[Source data]
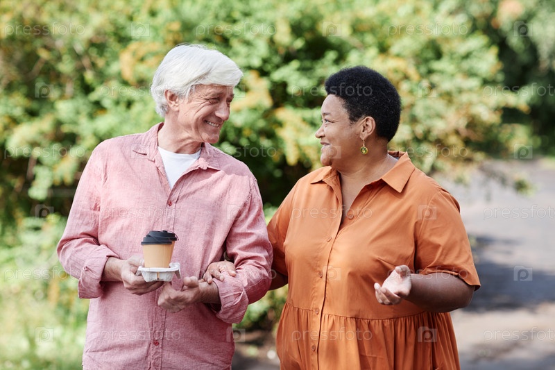 Счастливая старшая пара наслаждается прогулкой в парке на свежем воздухе вместе и болтает
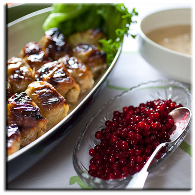 pots, in thei skins,until just cooked. Let cool, peel and chop. Chop Gherkin and peeled Apples. mince Onion. Layer ingredients in a bowl, starting and finishing with beets.Sprinkle a little bit of salt and pepper on each layer. Mix ingredients when the salad is on the table, ready to serve. To make dressing: whip cream until thickened (it should not be stiff!) and then mix in the rest of the ingredients. serve on the side. |
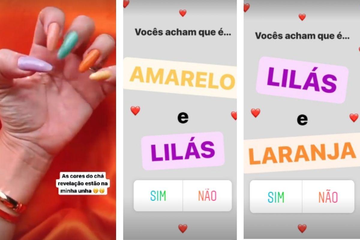 Logo em seguida, pediu para os internautas votarem para tentarem adivinhar quais serão as cores escolhidas pelo casal. Para isso, ela fez uma série de combinações de cores seguindo os esmalte dela: amarelo e lilás; lilás e laranja; dourado e verde; lilás e dourado; laranja e amarelo ou verde e laranja. Seja qual for a cor, a realidade é que os fãs do casal já estão no aguardo para ver a decoração da festa e descobrir se os dois estão à espera de um menino ou uma menina!
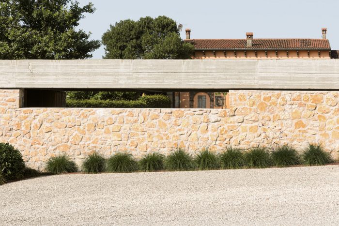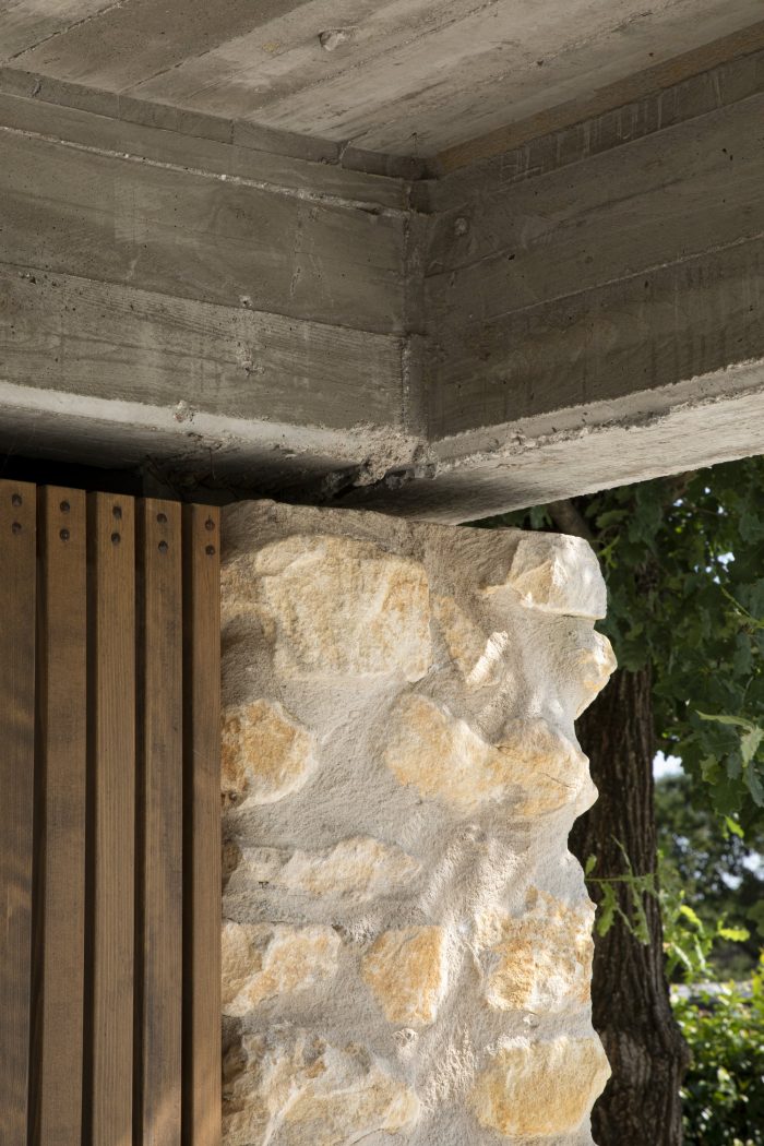 As in many of our works, the materials used have rough surfaces (rough-hewn stone, fair-faced reinforced concrete, brushed wood, rusty iron) to relate expressively to the sunlight, bringing forward the raw authenticity typical of vernacular buildings of the area. This choice constitutes a precise stance and introduces a strong humanization into the project, which is still deeply connected with the place. The architecture is set in its context, seeking a new encounter with the roots of the rural world and a mature and more conscious relationship with nature.
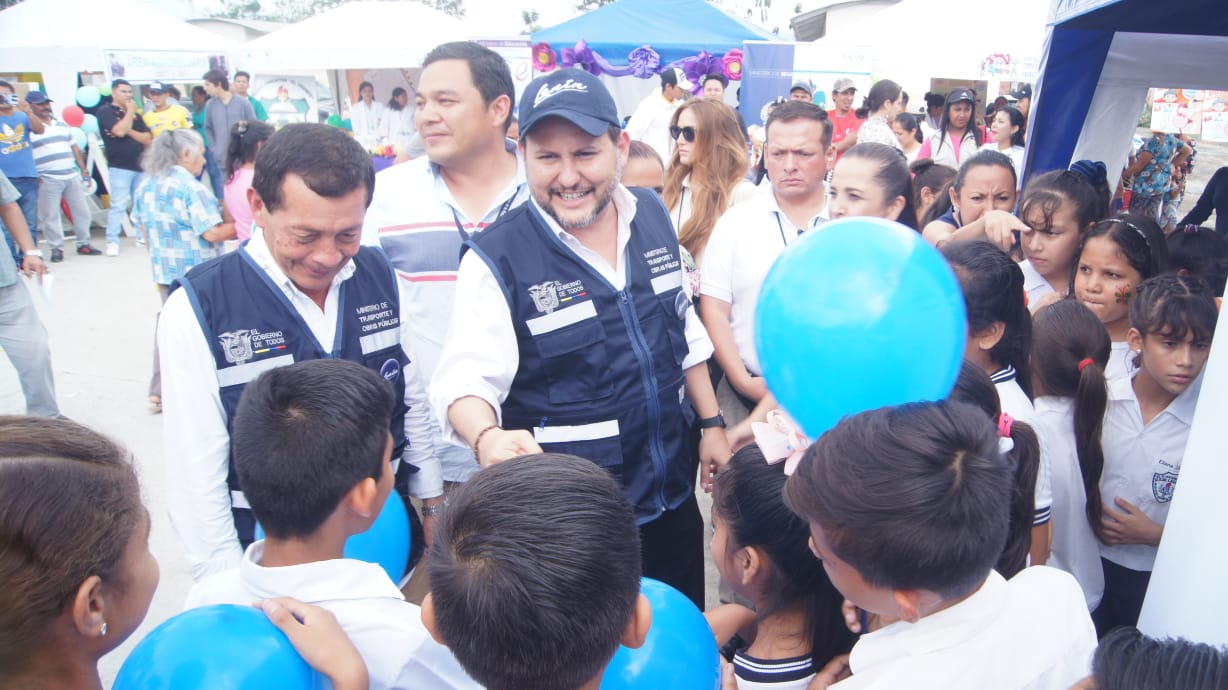 Adicionalmente junto a los estudiantes de las unidades educativas Camilo Gallegos, Alejo Lascano y El Triunfo, el Ministro fue parte de las charlas sobre seguridad vial; allí destacó la importancia del aprendizaje lúdico para sembrar las bases y reducir la accidentabilidad.
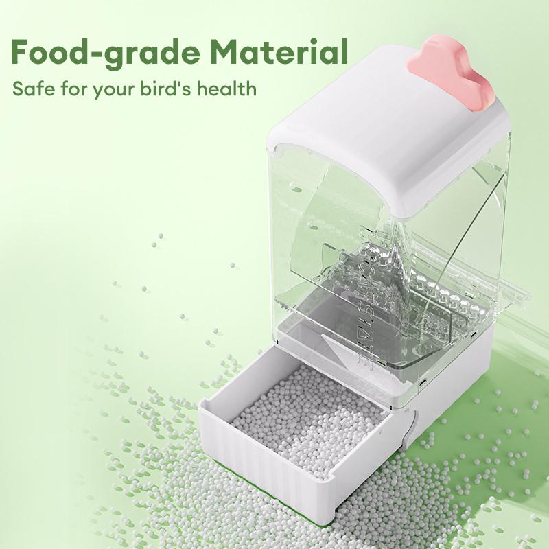 The large grain hopper holds enough food for your parrot for days with one refill, no more worries about food shortage during short trips. The funnel-shaped auto dispensing design releases food on demand, no jamming or overflow, eliminating the trouble of frequent refills.
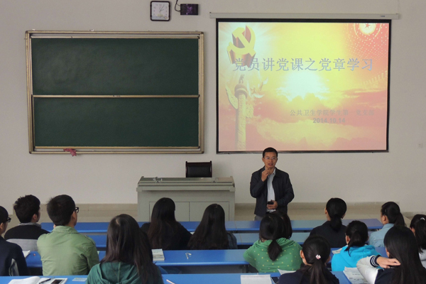 2012级预防医学专业员工符雄霞同学讲了党员的基本权利以及党的基本制度,2013级卫生检验与检疫专业李润琴同学讲党的组织形式,2012级卫生检验的丁家艳同学阐述了在党的十八大上党章的修改部分。最后刘亮针对以上同学的内容作了详细的总结并给各位党员提出了要求。
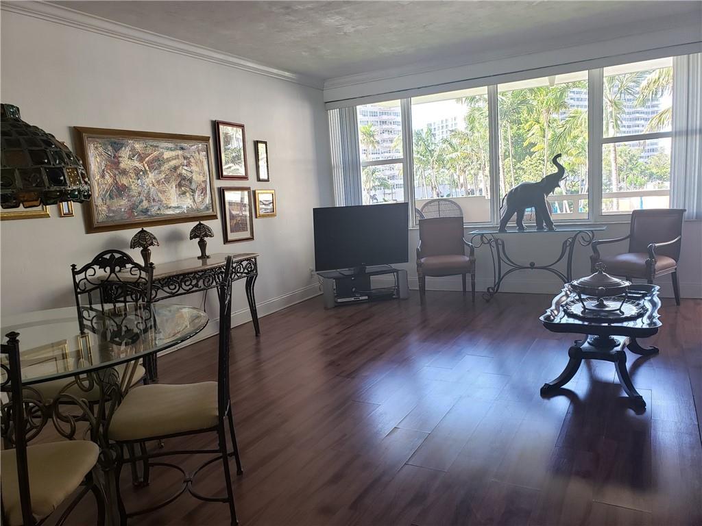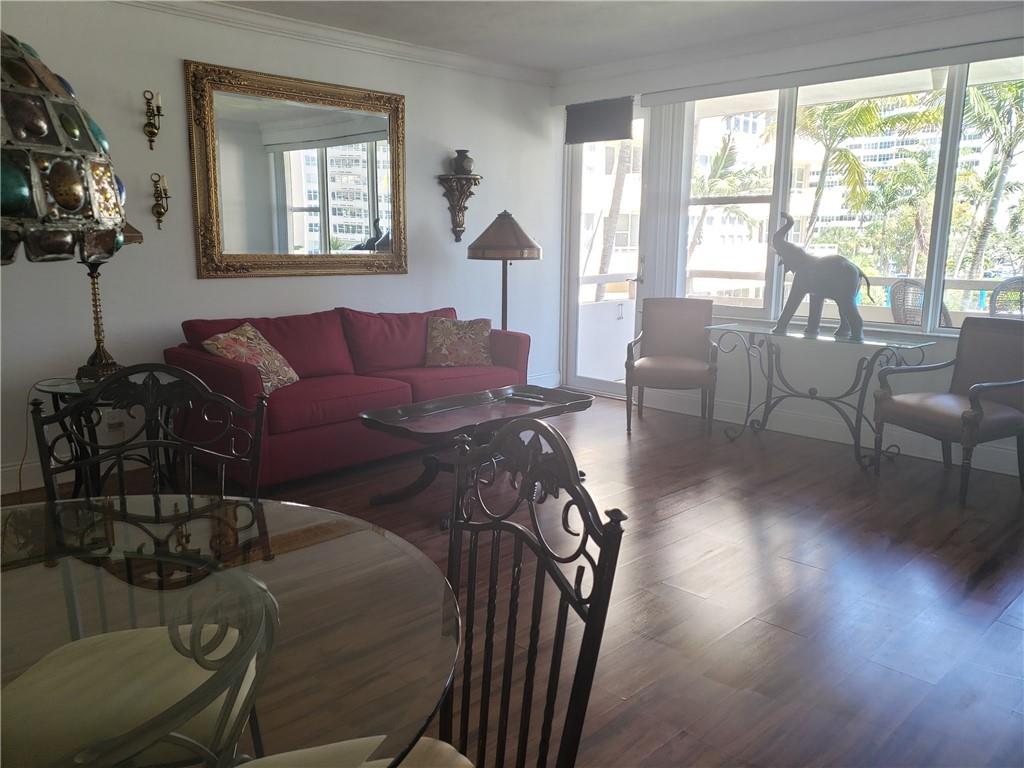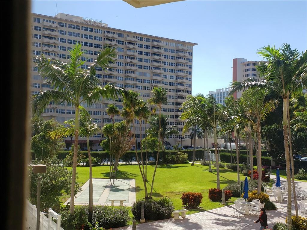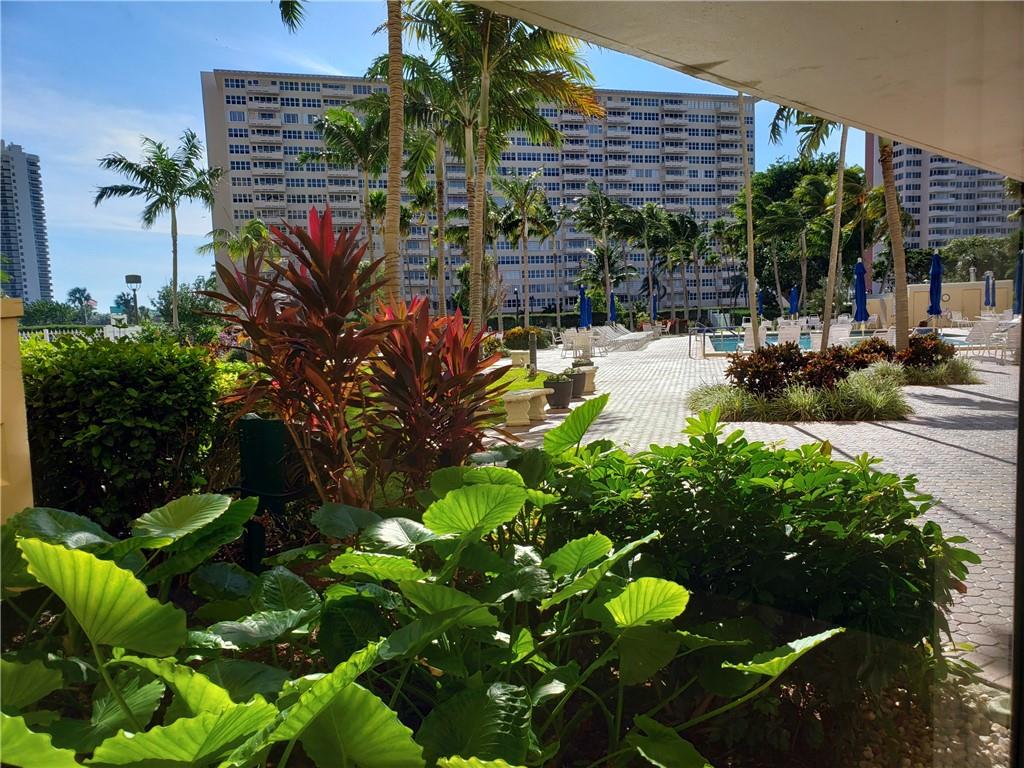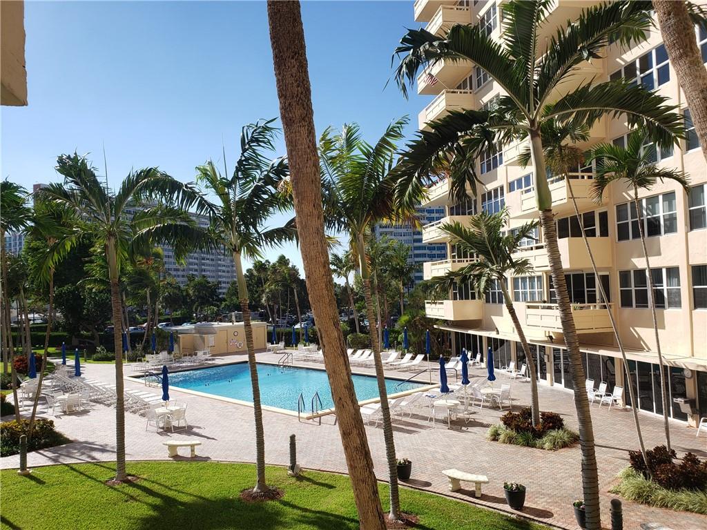 Elegant tropical resort like 1 bedroom condo with views of immaculate garden and pool. Improvements include an updated fresh paint, kitchen and bath, laminate floors and impact windows throughout. Spacious unit with ample storage. Furnished. Short distance from Fort Lauderdale beach, shopping and all amenities. Complex features heated pool, community room, new gym, clubhouse, parking, shared laundry. Assoc. says 55+, Annual Gross Income Reqt $38K with 700 Credit Score, no pets, no rentals.

What to produce:
Every record, from top to bottom, gets written out exactly; no picture goes into the copy.

Output of the task:
 Счастливая старшая пара наслаждается прогулкой в парке на свежем воздухе вместе и болтает
 pots, in thei skins,until just cooked. Let cool, peel and chop. Chop Gherkin and peeled Apples. mince Onion. Layer ingredients in a bowl, starting and finishing with beets.Sprinkle a little bit of salt and pepper on each layer. Mix ingredients when the salad is on the table, ready to serve. To make dressing: whip cream until thickened (it should not be stiff!) and then mix in the rest of the ingredients. serve on the side. |
 Logo em seguida, pediu para os internautas votarem para tentarem adivinhar quais serão as cores escolhidas pelo casal. Para isso, ela fez uma série de combinações de cores seguindo os esmalte dela: amarelo e lilás; lilás e laranja; dourado e verde; lilás e dourado; laranja e amarelo ou verde e laranja. Seja qual for a cor, a realidade é que os fãs do casal já estão no aguardo para ver a decoração da festa e descobrir se os dois estão à espera de um menino ou uma menina!
 As in many of our works, the materials used have rough surfaces (rough-hewn stone, fair-faced reinforced concrete, brushed wood, rusty iron) to relate expressively to the sunlight, bringing forward the raw authenticity typical of vernacular buildings of the area. This choice constitutes a precise stance and introduces a strong humanization into the project, which is still deeply connected with the place. The architecture is set in its context, seeking a new encounter with the roots of the rural world and a mature and more conscious relationship with nature.
 Adicionalmente junto a los estudiantes de las unidades educativas Camilo Gallegos, Alejo Lascano y El Triunfo, el Ministro fue parte de las charlas sobre seguridad vial; allí destacó la importancia del aprendizaje lúdico para sembrar las bases y reducir la accidentabilidad.
 The large grain hopper holds enough food for your parrot for days with one refill, no more worries about food shortage during short trips. The funnel-shaped auto dispensing design releases food on demand, no jamming or overflow, eliminating the trouble of frequent refills.
 2012级预防医学专业员工符雄霞同学讲了党员的基本权利以及党的基本制度,2013级卫生检验与检疫专业李润琴同学讲党的组织形式,2012级卫生检验的丁家艳同学阐述了在党的十八大上党章的修改部分。最后刘亮针对以上同学的内容作了详细的总结并给各位党员提出了要求。
 Elegant tropical resort like 1 bedroom condo with views of immaculate garden and pool. Improvements include an updated fresh paint, kitchen and bath, laminate floors and impact windows throughout. Spacious unit with ample storage. Furnished. Short distance from Fort Lauderdale beach, shopping and all amenities. Complex features heated pool, community room, new gym, clubhouse, parking, shared laundry. Assoc. says 55+, Annual Gross Income Reqt $38K with 700 Credit Score, no pets, no rentals.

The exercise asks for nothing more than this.